# CS421: Introduction to Machine Learning
## Project: Predicting Credit Card Customer Churn
### Model: Support Vector Machine
---

# 1. Importing packages & libraries

In [7]:
# import pyforest
import numpy as np
import pandas as pd
from imblearn.over_sampling import SMOTE
from imblearn.pipeline import Pipeline
from sklearn.preprocessing import MinMaxScaler
from sklearn.metrics import make_scorer, classification_report, confusion_matrix, ConfusionMatrixDisplay, accuracy_score, recall_score, precision_score, f1_score, fbeta_score, roc_auc_score, roc_curve, auc
from sklearn.decomposition import TruncatedSVD
from sklearn.model_selection import GridSearchCV, KFold, train_test_split, cross_validate, StratifiedKFold
from sklearn.compose import ColumnTransformer
from sklearn.svm import SVC

# 2. Reading file & tidying up columns for train test split

In [4]:
df_train = pd.read_csv("../data/train.csv")
df_test = pd.read_csv("../data/test.csv")

y_train = df_train[["attrition_flag"]]
x_train = df_train.drop("attrition_flag", axis=1)

y_test = df_test[["attrition_flag"]]
x_test = df_test.drop("attrition_flag", axis=1)

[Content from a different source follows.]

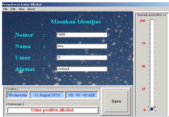
Gambar 4. Tampilan Pada Saat Pengujian Sampel Urine Pemabuk

Pada gambar 3 menunjukkan bahwa pada saat komputer mendapatkan masukan data dari mikrokontroler yaitu pada pengujian sampel urine non-alkohol, sistem menunjukkan bahwa sampel yang di uji menunjukkan keterangan ' urine negative alkohol ' yang artinya urine tidak terdapat kandungan alkohol.

# 3. Model performance before Hyperparameter Tuning

### Creating function to evaluate model

In [9]:
def cv_evaluate_model(rf_clf):
    smote_sampler = SMOTE(random_state=2021)

    scale_features = x_train.columns[1:]

    scaler = ColumnTransformer(transformers=[ ('scaler', MinMaxScaler(), scale_features) ])

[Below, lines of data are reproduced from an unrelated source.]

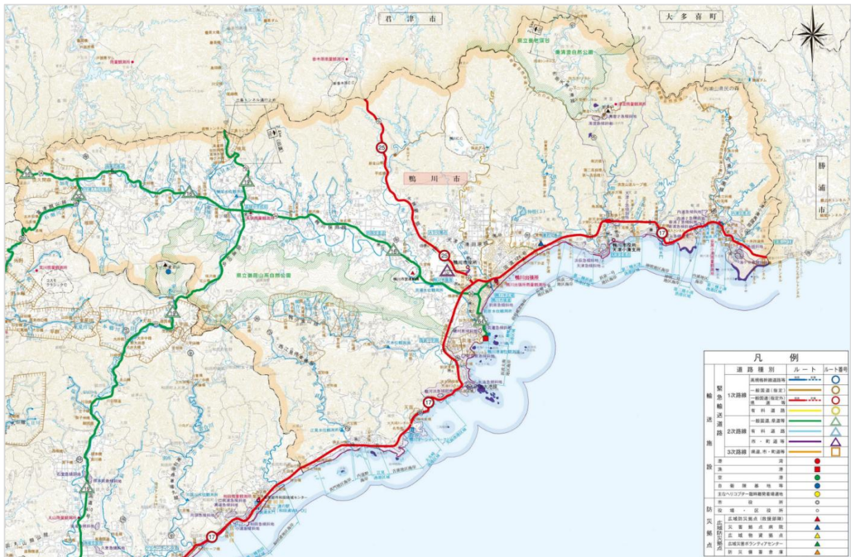
資料:千葉県緊急輸送ネットワーク図(令和3年3月)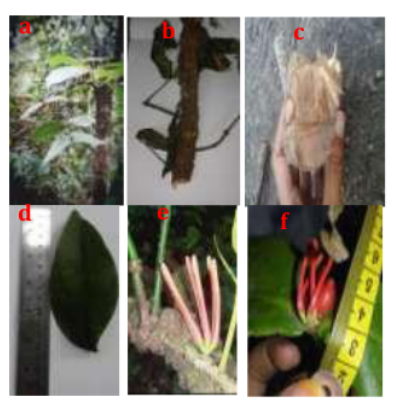
Gambar 2. Amyema tetraflora, keterangan: (a) habitus; (b) houstorium; (c) penampang melintang houstorium; (d) daun; (e) bunga; (f) buah

b. Amyema edanoi (Merr.) Barlow, flumea 36 (1992) 328. — Loranthus edanoi Mcrr.. Philipp. J. Sc. Bot. 13 (1918) 275. Dicymanthes edanoi (Merr.) Danser. Bull. Jard. Bot. Buitcnzorg 111, 10 (1929) 31 1. — Type: Ramos & Edano BS 26241, lecto, Luzon. Mt Umingan. [For additional synonym see Barlow, Blumea 36 (1992) 328]. New Record berdasarkan Barlow (1993), Barlow (1995), Barlow (1997), Danser (1935), Ladely dan Kelly (1996), , Geils dan Collazo (2002), Didier et al. (2008).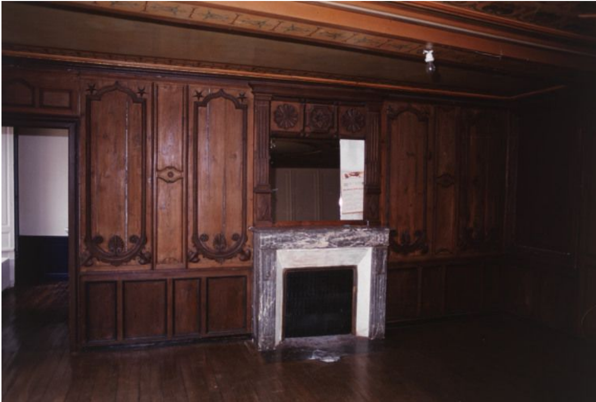
Premier étage : vue générale de la seconde salle avec la cheminée.

21, Laignes Petite rue de la maison Dieu

    pipeline = Pipeline(steps = [['scaler', scaler],
                                 ['smote', smote_sampler],
                                 ['classifier', rf_clf]])

    stratified_kfold = StratifiedKFold(shuffle=True, n_splits=5, random_state=2021)

    scoring = {"recall": 'recall',
               "fbeta_2": make_scorer(fbeta_score, beta=2),
               "roc_auc": make_scorer(roc_auc_score),
              }

    scores = cross_validate(pipeline, x_train, y_train.values.ravel(), cv=stratified_kfold,
                           scoring = scoring)

    recall = [ val for val in scores['test_recall'] ]
    fbeta_2 = [ val for val in scores['test_fbeta_2'] ]
    auc = [ val for val in scores['test_roc_auc'] ]
    recall.append( sum(recall) / len(recall) )
    fbeta_2.append( sum(fbeta_2) / len(fbeta_2) )
    auc.append( sum(auc) / len(auc) )

    score_df = pd.DataFrame(data=[recall, fbeta_2, auc], columns=['Fold 1','Fold 2','Fold 3','Fold 4','Fold 5', 'Average'],
                            index=['Recall','Fbeta2','AUC'])
    return score_df


### Evaluating base model

In [18]:
base_svc = SVC(random_state=2021)

results_base = cv_evaluate_model(base_svc)
display(results_base)

# retrieves average performance
results_base_avg = results_base['Average'] 
print("---- Average Results -----")
print()
display(results_base_avg)


Unnamed: 0,Fold 1,Fold 2,Fold 3,Fold 4,Fold 5,Average
Recall,0.850575,0.8,0.819231,0.784615,0.827586,0.816401
Fbeta2,0.764463,0.724739,0.754784,0.709812,0.752613,0.741282
AUC,0.856905,0.83125,0.851527,0.821352,0.849408,0.842088


---- Average Results -----



Recall    0.816401
Fbeta2    0.741282
AUC       0.842088
Name: Average, dtype: float64

# 4. Hyperparameter Tuning with GridSearchCV

## 4.1 First GridSearchCV

### Creating parameter grid to be used for GridSearchCV

In [24]:
pipeline = Pipeline([["scaler", MinMaxScaler()],
                     ["smote", SMOTE(random_state = 2021)],
                     ["model", SVC(random_state = 2021)]])

In [25]:
param_grid =  { 'model__C': [0.1, 1, 10, 100, 1000],  
               'model__gamma': [1, 0.1, 0.01, 0.001, 0.0001], 
               'model__kernel': ['rbf','linear','sigmoid']  }

In [30]:
total_combi = 1
for param, value in param_grid.items():
    print(param, value)
    total_combi *= len(value)

print('-----------------')
print('Total combinations:', total_combi)
print('Total combinations across 5-folds:', total_combi*5)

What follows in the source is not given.